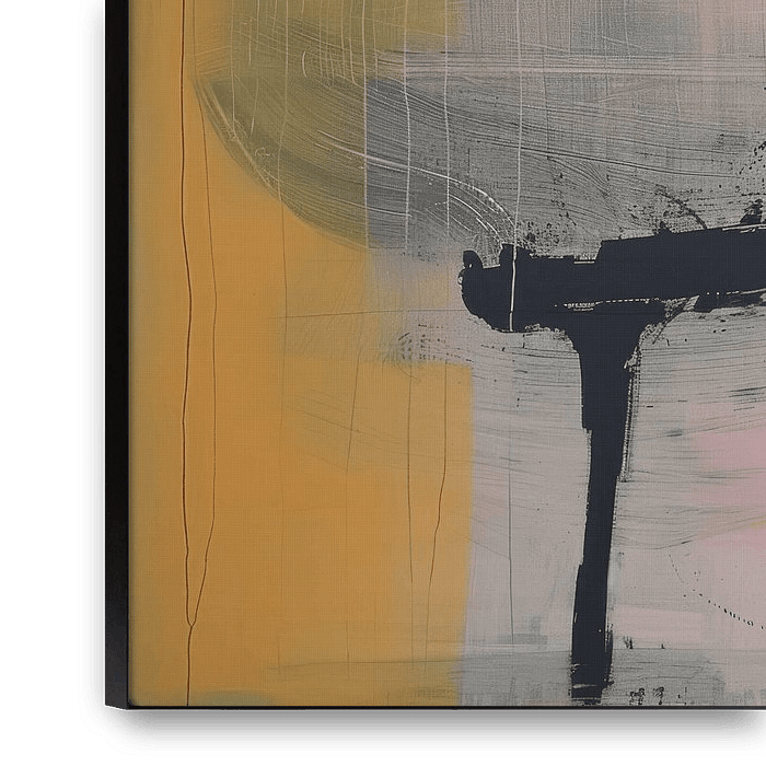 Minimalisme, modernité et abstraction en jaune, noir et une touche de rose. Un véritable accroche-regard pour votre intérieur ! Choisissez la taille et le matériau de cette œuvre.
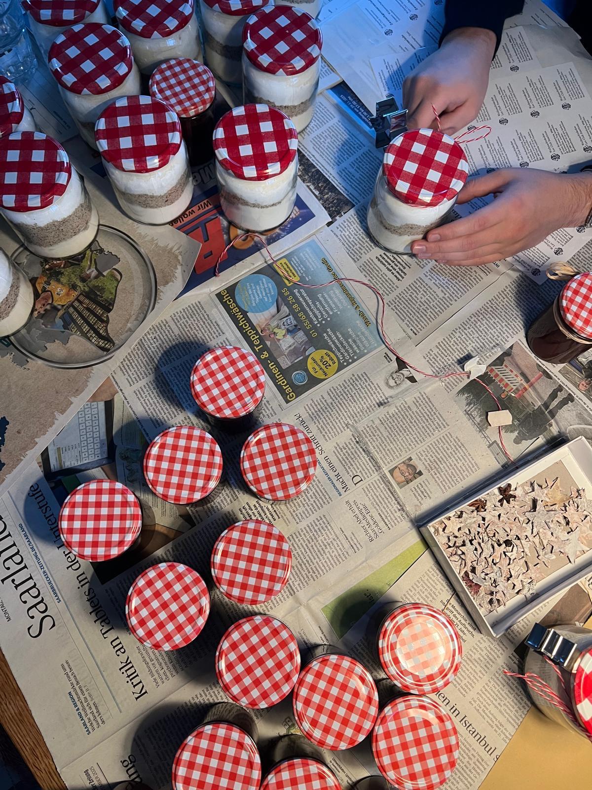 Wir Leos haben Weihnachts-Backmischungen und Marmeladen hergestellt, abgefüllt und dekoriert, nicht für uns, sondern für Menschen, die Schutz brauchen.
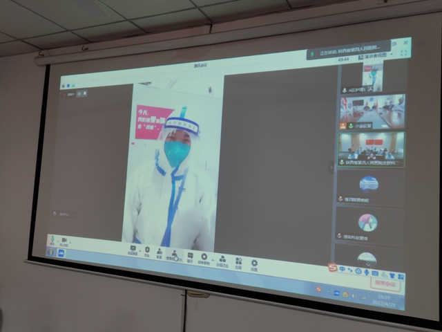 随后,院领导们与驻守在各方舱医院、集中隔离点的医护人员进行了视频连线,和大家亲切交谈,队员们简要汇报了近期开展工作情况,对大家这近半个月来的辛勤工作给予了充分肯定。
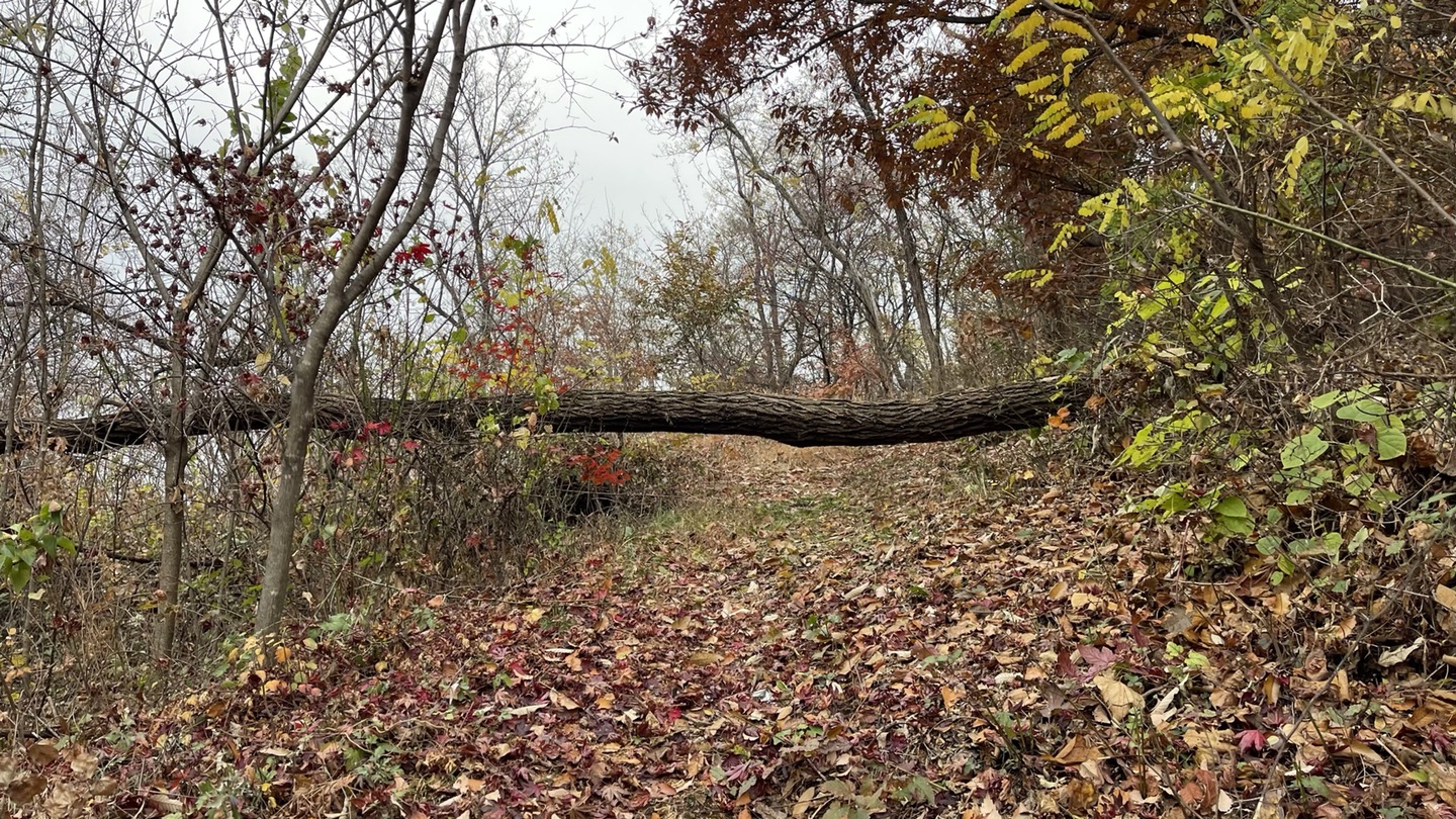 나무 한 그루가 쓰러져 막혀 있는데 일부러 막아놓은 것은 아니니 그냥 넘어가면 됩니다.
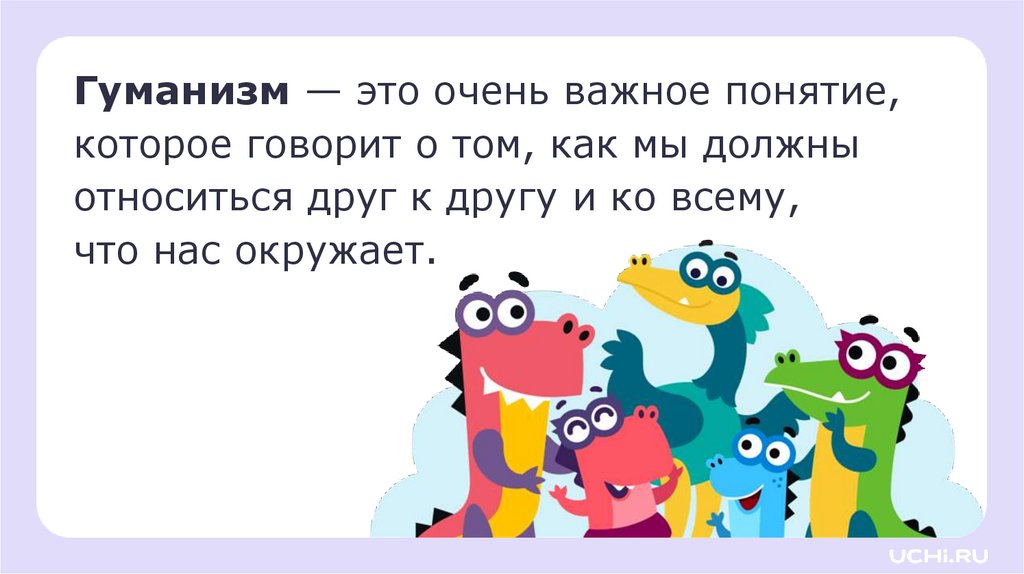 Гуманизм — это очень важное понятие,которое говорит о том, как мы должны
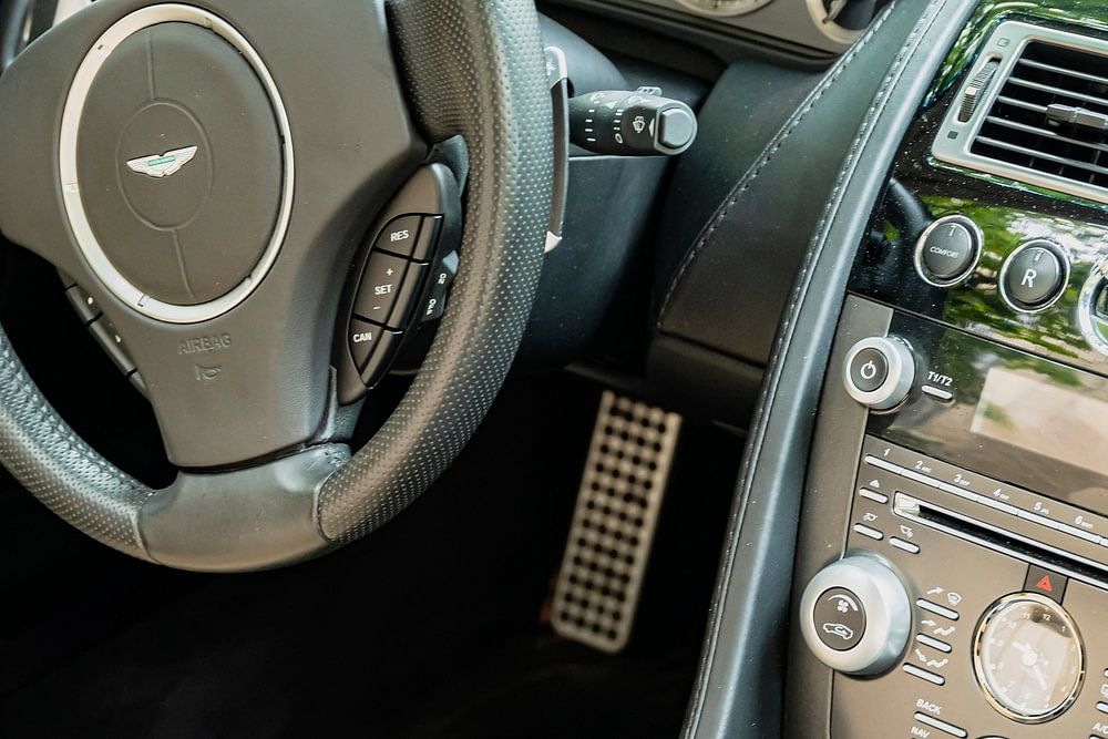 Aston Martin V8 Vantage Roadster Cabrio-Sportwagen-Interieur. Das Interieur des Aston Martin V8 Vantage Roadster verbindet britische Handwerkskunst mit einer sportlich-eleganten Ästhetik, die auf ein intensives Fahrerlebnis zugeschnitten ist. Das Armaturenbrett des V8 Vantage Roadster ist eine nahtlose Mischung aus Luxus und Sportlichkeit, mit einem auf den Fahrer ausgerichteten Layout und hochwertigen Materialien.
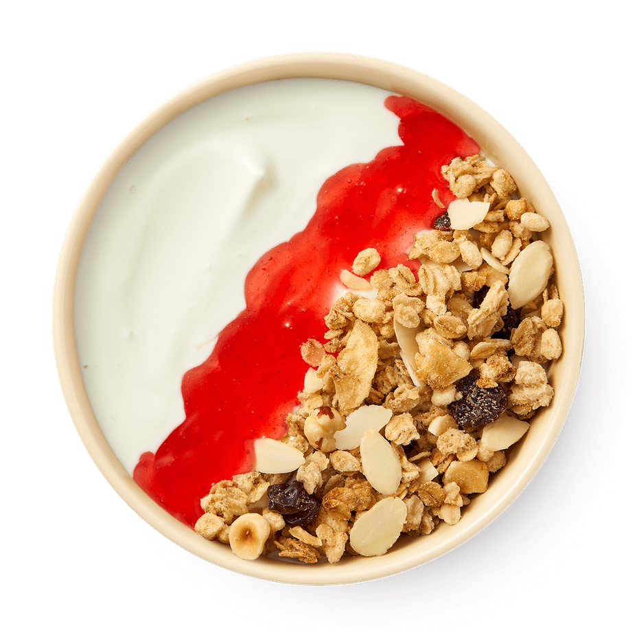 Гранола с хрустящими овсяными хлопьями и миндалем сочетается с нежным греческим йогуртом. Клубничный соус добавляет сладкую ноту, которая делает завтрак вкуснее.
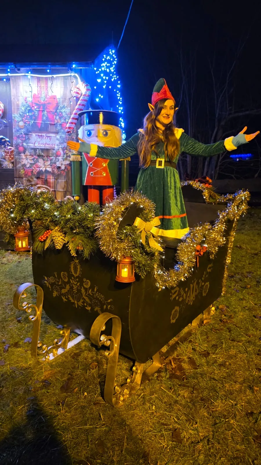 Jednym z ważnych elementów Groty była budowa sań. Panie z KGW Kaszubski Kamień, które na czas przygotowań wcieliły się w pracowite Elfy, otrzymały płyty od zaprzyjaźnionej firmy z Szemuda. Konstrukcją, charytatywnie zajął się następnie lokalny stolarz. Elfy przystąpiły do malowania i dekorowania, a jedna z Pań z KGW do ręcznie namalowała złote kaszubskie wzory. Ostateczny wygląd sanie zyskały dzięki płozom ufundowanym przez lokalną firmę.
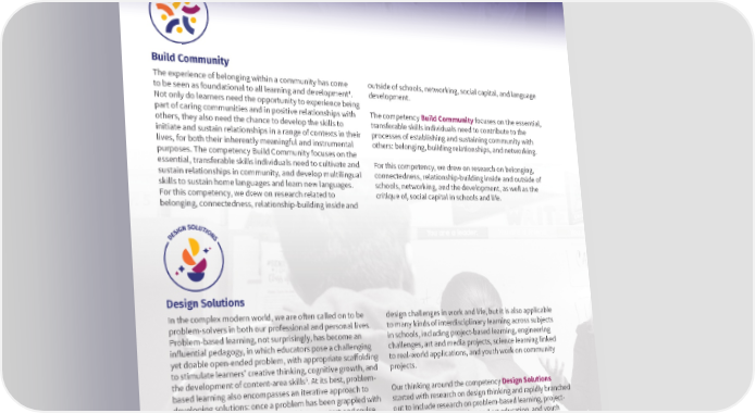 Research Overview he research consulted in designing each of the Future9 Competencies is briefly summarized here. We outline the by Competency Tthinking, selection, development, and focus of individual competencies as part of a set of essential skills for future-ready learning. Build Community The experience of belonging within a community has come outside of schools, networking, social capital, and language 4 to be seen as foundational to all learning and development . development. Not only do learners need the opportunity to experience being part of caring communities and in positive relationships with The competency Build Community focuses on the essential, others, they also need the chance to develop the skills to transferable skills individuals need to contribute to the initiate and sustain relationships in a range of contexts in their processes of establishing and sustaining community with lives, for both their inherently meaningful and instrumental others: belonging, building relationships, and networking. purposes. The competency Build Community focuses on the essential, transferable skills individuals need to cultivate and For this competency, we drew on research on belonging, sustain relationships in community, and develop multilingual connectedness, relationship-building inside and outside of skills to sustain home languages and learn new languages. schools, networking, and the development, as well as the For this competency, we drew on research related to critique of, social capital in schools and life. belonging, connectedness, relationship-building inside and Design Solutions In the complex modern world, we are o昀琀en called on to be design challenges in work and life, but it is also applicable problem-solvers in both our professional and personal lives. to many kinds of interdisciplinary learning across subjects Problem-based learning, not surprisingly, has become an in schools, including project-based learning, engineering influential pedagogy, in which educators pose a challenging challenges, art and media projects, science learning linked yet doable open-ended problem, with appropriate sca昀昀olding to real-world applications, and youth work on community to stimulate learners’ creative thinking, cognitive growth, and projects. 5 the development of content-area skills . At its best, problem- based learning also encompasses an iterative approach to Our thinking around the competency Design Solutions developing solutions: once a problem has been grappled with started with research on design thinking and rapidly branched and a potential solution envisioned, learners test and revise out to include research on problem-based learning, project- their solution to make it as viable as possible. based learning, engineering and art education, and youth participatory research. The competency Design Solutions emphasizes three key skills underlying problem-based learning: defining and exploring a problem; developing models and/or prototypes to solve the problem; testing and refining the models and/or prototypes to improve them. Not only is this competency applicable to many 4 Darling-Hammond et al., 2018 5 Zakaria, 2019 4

━━━━━━━━

Your task -
Where pictures sit among the data above, omit them, and output the rest exactly.

Your response -
 Minimalisme, modernité et abstraction en jaune, noir et une touche de rose. Un véritable accroche-regard pour votre intérieur ! Choisissez la taille et le matériau de cette œuvre.
 Wir Leos haben Weihnachts-Backmischungen und Marmeladen hergestellt, abgefüllt und dekoriert, nicht für uns, sondern für Menschen, die Schutz brauchen.
 随后,院领导们与驻守在各方舱医院、集中隔离点的医护人员进行了视频连线,和大家亲切交谈,队员们简要汇报了近期开展工作情况,对大家这近半个月来的辛勤工作给予了充分肯定。
 나무 한 그루가 쓰러져 막혀 있는데 일부러 막아놓은 것은 아니니 그냥 넘어가면 됩니다.
 Гуманизм — это очень важное понятие,которое говорит о том, как мы должны
 Aston Martin V8 Vantage Roadster Cabrio-Sportwagen-Interieur. Das Interieur des Aston Martin V8 Vantage Roadster verbindet britische Handwerkskunst mit einer sportlich-eleganten Ästhetik, die auf ein intensives Fahrerlebnis zugeschnitten ist. Das Armaturenbrett des V8 Vantage Roadster ist eine nahtlose Mischung aus Luxus und Sportlichkeit, mit einem auf den Fahrer ausgerichteten Layout und hochwertigen Materialien.
 Гранола с хрустящими овсяными хлопьями и миндалем сочетается с нежным греческим йогуртом. Клубничный соус добавляет сладкую ноту, которая делает завтрак вкуснее.
 Jednym z ważnych elementów Groty była budowa sań. Panie z KGW Kaszubski Kamień, które na czas przygotowań wcieliły się w pracowite Elfy, otrzymały płyty od zaprzyjaźnionej firmy z Szemuda. Konstrukcją, charytatywnie zajął się następnie lokalny stolarz. Elfy przystąpiły do malowania i dekorowania, a jedna z Pań z KGW do ręcznie namalowała złote kaszubskie wzory. Ostateczny wygląd sanie zyskały dzięki płozom ufundowanym przez lokalną firmę.
 Research Overview he research consulted in designing each of the Future9 Competencies is briefly summarized here. We outline the by Competency Tthinking, selection, development, and focus of individual competencies as part of a set of essential skills for future-ready learning. Build Community The experience of belonging within a community has come outside of schools, networking, social capital, and language 4 to be seen as foundational to all learning and development . development. Not only do learners need the opportunity to experience being part of caring communities and in positive relationships with The competency Build Community focuses on the essential, others, they also need the chance to develop the skills to transferable skills individuals need to contribute to the initiate and sustain relationships in a range of contexts in their processes of establishing and sustaining community with lives, for both their inherently meaningful and instrumental others: belonging, building relationships, and networking. purposes. The competency Build Community focuses on the essential, transferable skills individuals need to cultivate and For this competency, we drew on research on belonging, sustain relationships in community, and develop multilingual connectedness, relationship-building inside and outside of skills to sustain home languages and learn new languages. schools, networking, and the development, as well as the For this competency, we drew on research related to critique of, social capital in schools and life. belonging, connectedness, relationship-building inside and Design Solutions In the complex modern world, we are o昀琀en called on to be design challenges in work and life, but it is also applicable problem-solvers in both our professional and personal lives. to many kinds of interdisciplinary learning across subjects Problem-based learning, not surprisingly, has become an in schools, including project-based learning, engineering influential pedagogy, in which educators pose a challenging challenges, art and media projects, science learning linked yet doable open-ended problem, with appropriate sca昀昀olding to real-world applications, and youth work on community to stimulate learners’ creative thinking, cognitive growth, and projects. 5 the development of content-area skills . At its best, problem- based learning also encompasses an iterative approach to Our thinking around the competency Design Solutions developing solutions: once a problem has been grappled with started with research on design thinking and rapidly branched and a potential solution envisioned, learners test and revise out to include research on problem-based learning, project- their solution to make it as viable as possible. based learning, engineering and art education, and youth participatory research. The competency Design Solutions emphasizes three key skills underlying problem-based learning: defining and exploring a problem; developing models and/or prototypes to solve the problem; testing and refining the models and/or prototypes to improve them. Not only is this competency applicable to many 4 Darling-Hammond et al., 2018 5 Zakaria, 2019 4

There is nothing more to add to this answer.